Peut-être que la seule chose qui distingue les humains des autres animaux est l’ambition – le désir de s’élever au-dessus de ses rangs, de faire mieux que ses ancêtres et de construire un héritage à la fois intimidant et inspirant. Le besoin insatiable de parfaire nos ambitions et de nourrir de nouvelles aspirations pourrait bien être le nœud de l’humanité et le motif de toutes nos actions.

L’un de ces hommes est le protagoniste de Vauhini Vara, le roi Rao, né dans une caste inférieure mais une famille prospère à Kothapalli, Andhra Pradesh. Bien que sa mère soit décédée pendant l’accouchement, King a à peine ressenti son absence car sa tante a rapidement assumé le rôle de sa mère et vivre avec sa famille élargie signifiait qu’il ne manquait jamais de camarades de jeu.

Les Raos, propriétaires d’une vaste cocoteraie à Kothapalli, ont fait fortune en vendant l’humble fruit.

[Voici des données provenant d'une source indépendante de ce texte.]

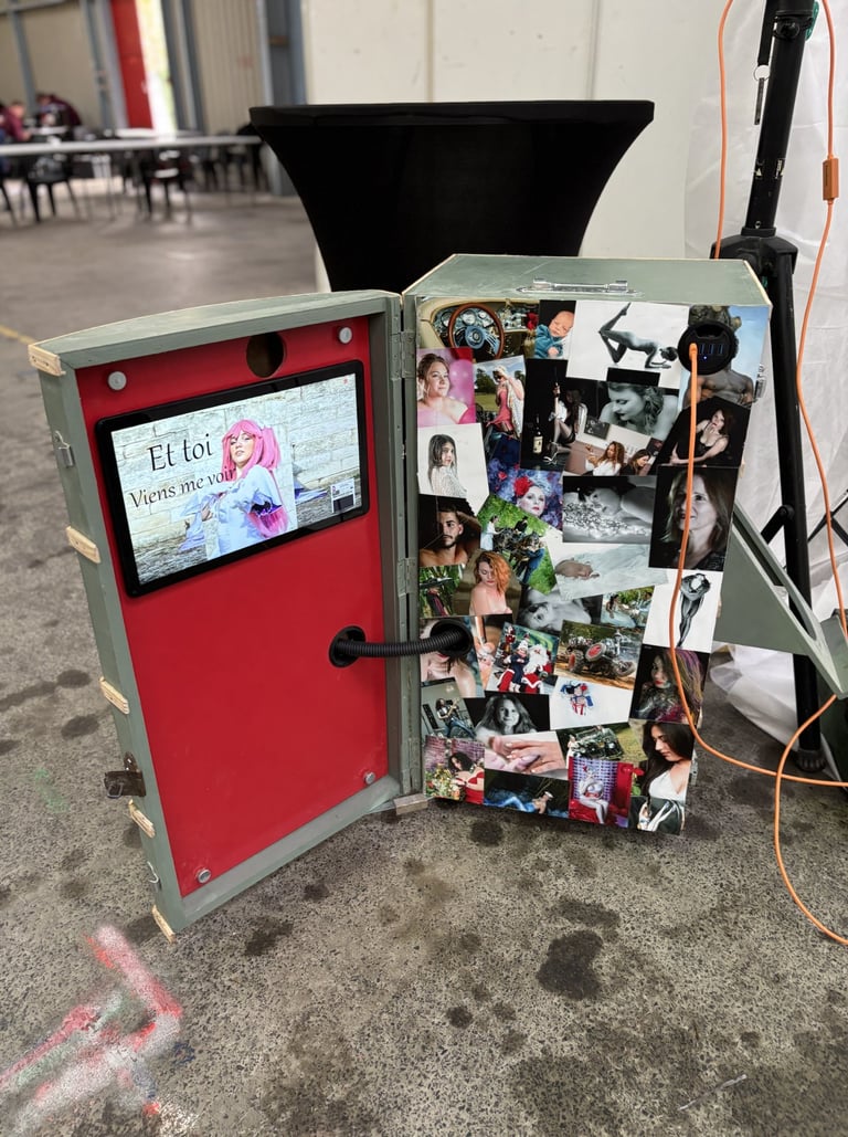 La malle fonctionne en collaboration avec le photographe présent sur place. C'est lui qui prend les photos durant l'événement, en capturant les moments importants et les instants spontanés.
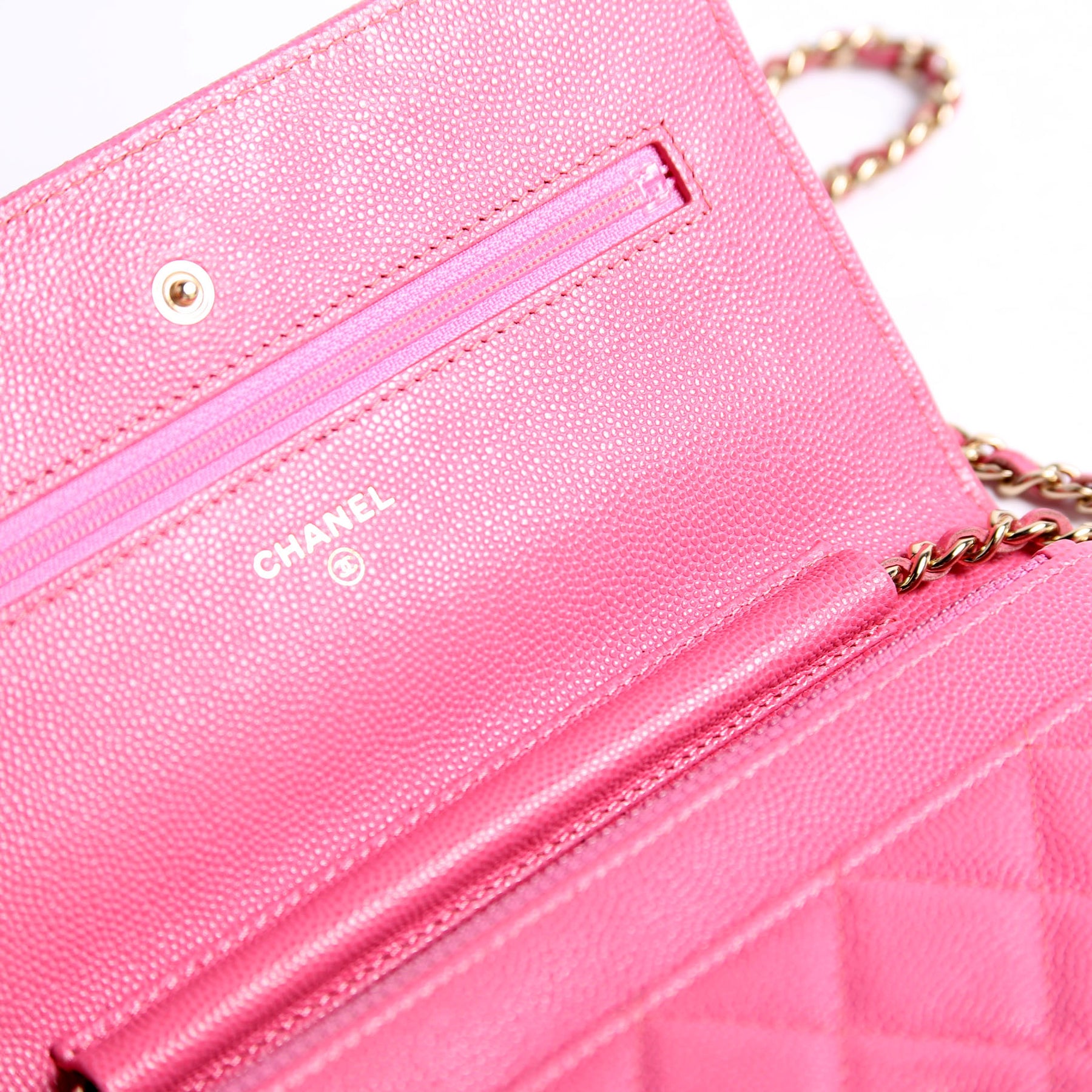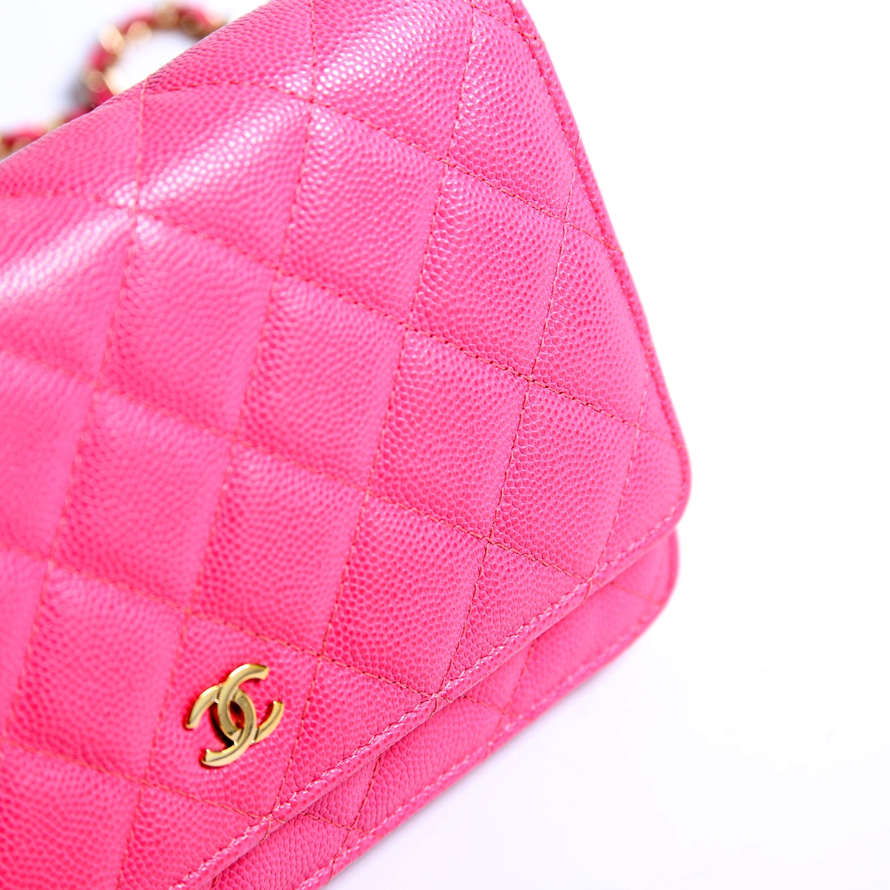 Wallet On Chain Classic Quilted Caviar Pink
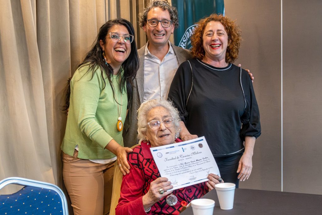 En el encuentro se entregaron certificados a quienes cursaron el 1° cuatrimestre de manera presencial. Además, fue homenajeada la Doctora Honoris Causa Myriam Gorban por sus 75 años de profesión, en el marco de los 90 años de la Escuela de Nutrición (UBA).
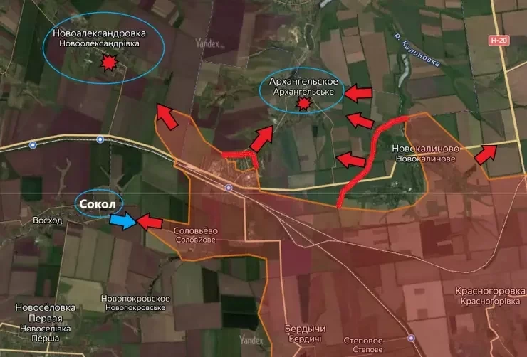 В ходе последних военных действий российские войска группировки "Центр" почти полностью взяли под контроль посёлок Архангельское и активно продвигаются к населённым пунктам Сокол, Новоалександровка и Новопокровское, что является частью наступательной операции за Авдеевкой.
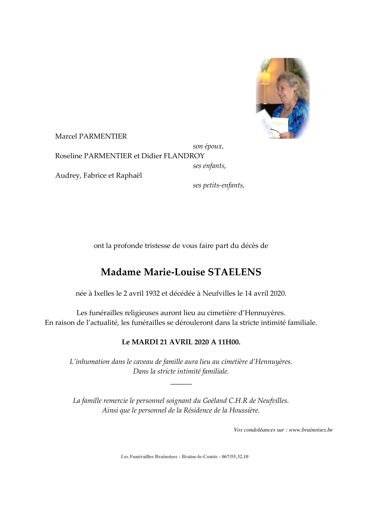 Décédée à Neufvilles (7063) le mardi 14 avril 2020 à l'âge de 88 ans
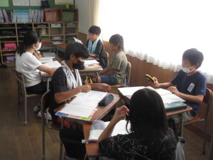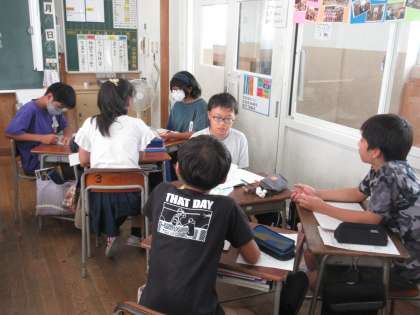 国語科の授業では、「対話の練習」を行いました。総合的な学習の時間で行っている「リーダープロジェクト」について、それぞれ調べた内容を伝え合い、考えを広げました。
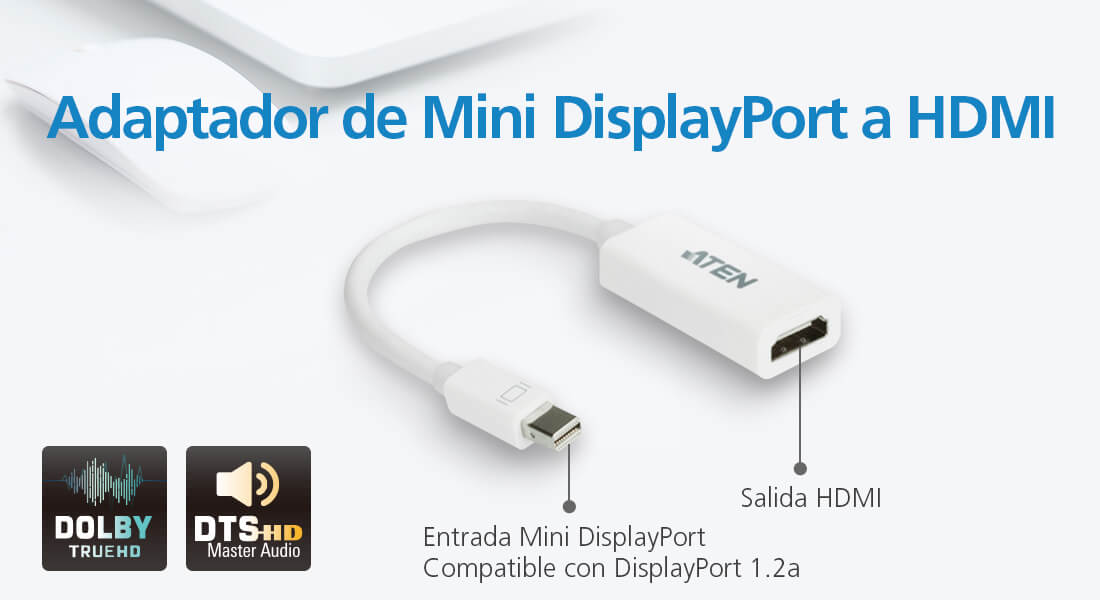 El adaptador Mini DisplayPort a HDMI le permite conectar un dispositivo con Mini DisplayPort a single display con conector HDMI.
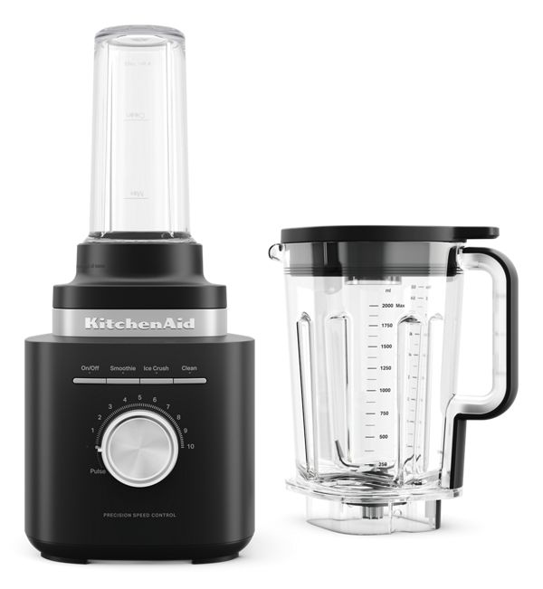 The KitchenAid Pure Power Blender helps craft the blends you want with a precision speed control knob. Use the 10 preset speeds, or simply twist the control knob to smoothly glide between speeds, finding the exact setting for your desired texture. Customize your batch with the 68 oz (2L) plastic jar for making plenty at once, or the Personal Blender Jar for a travel-friendly single serving.
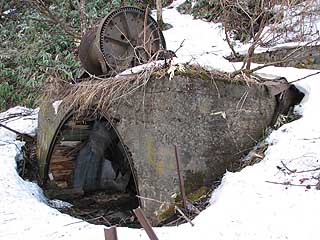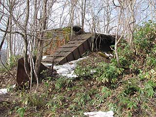 さらに山奥に入っていくと二区添卸があり、そのすぐ上には二区本卸の坑口がありました。
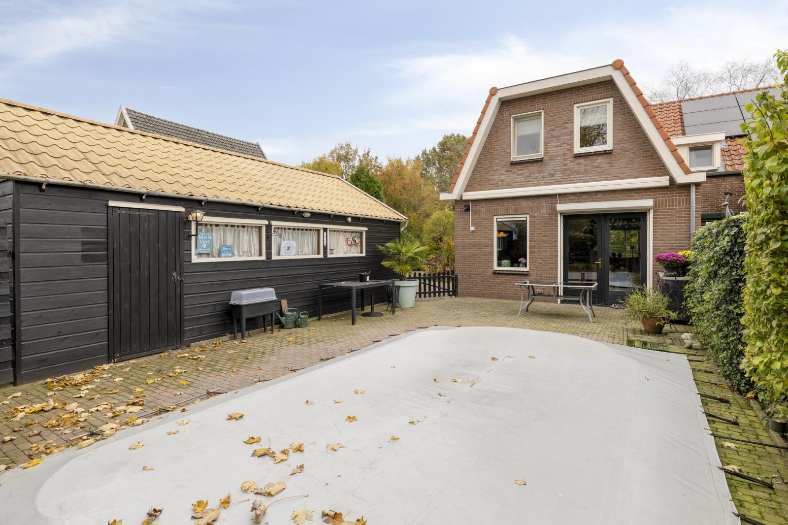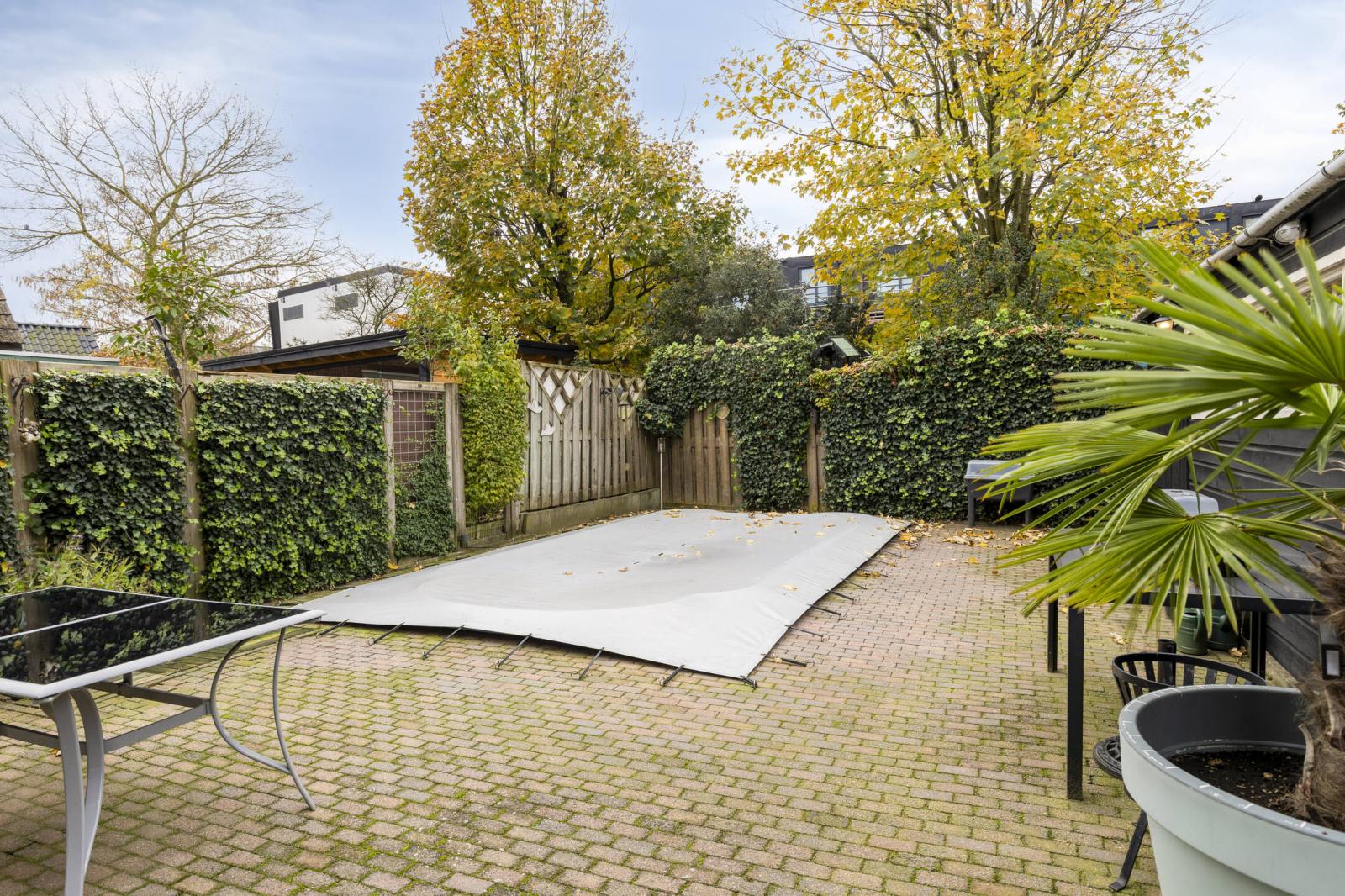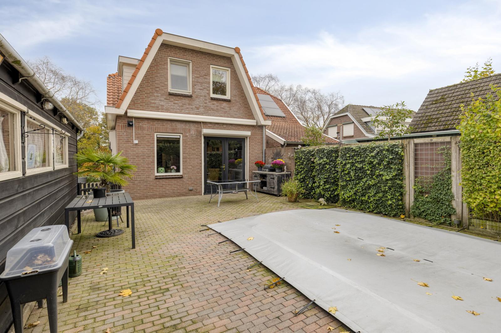 De achtertuin is met zorg aangelegd en biedt volop privacy. Hier bevindt zich een verwarmd zwembad dankzij een warmtepomp. Daarnaast is er een grote, volledig afgetimmerde garage, ideaal voor het stallen van een auto, fietsen of als hobbyruimte.

Contrairement à ses ancêtres, King est armé d’éducation et de richesse, mais les indignités que le système des castes entraîne avec lui ne lui échappent jamais vraiment. Il est parfaitement conscient de sa position dans la hiérarchie des castes et sait que la terre, historiquement refusée à des familles comme lui, était plus une question de chance qu’un héritage « légitime ».

… Si lui et ses frères et sœurs prenaient un nom de famille brahmane, ce serait bon pour l’entreprise. Désormais, les Burras seraient les Raos.

Un héritage troublant

Fils aîné du fils aîné, le destin de King est déjà déterminé – il héritera de la plantation après la mort de son père. Ce n’est pas une mauvaise affaire et la vie serait confortable, prévisible. Mais quelqu’un qui est baptisé King est naturellement enclin à tester des eaux agitées, à conquérir de nouvelles terres et à construire un héritage qui lui appartiendra entièrement.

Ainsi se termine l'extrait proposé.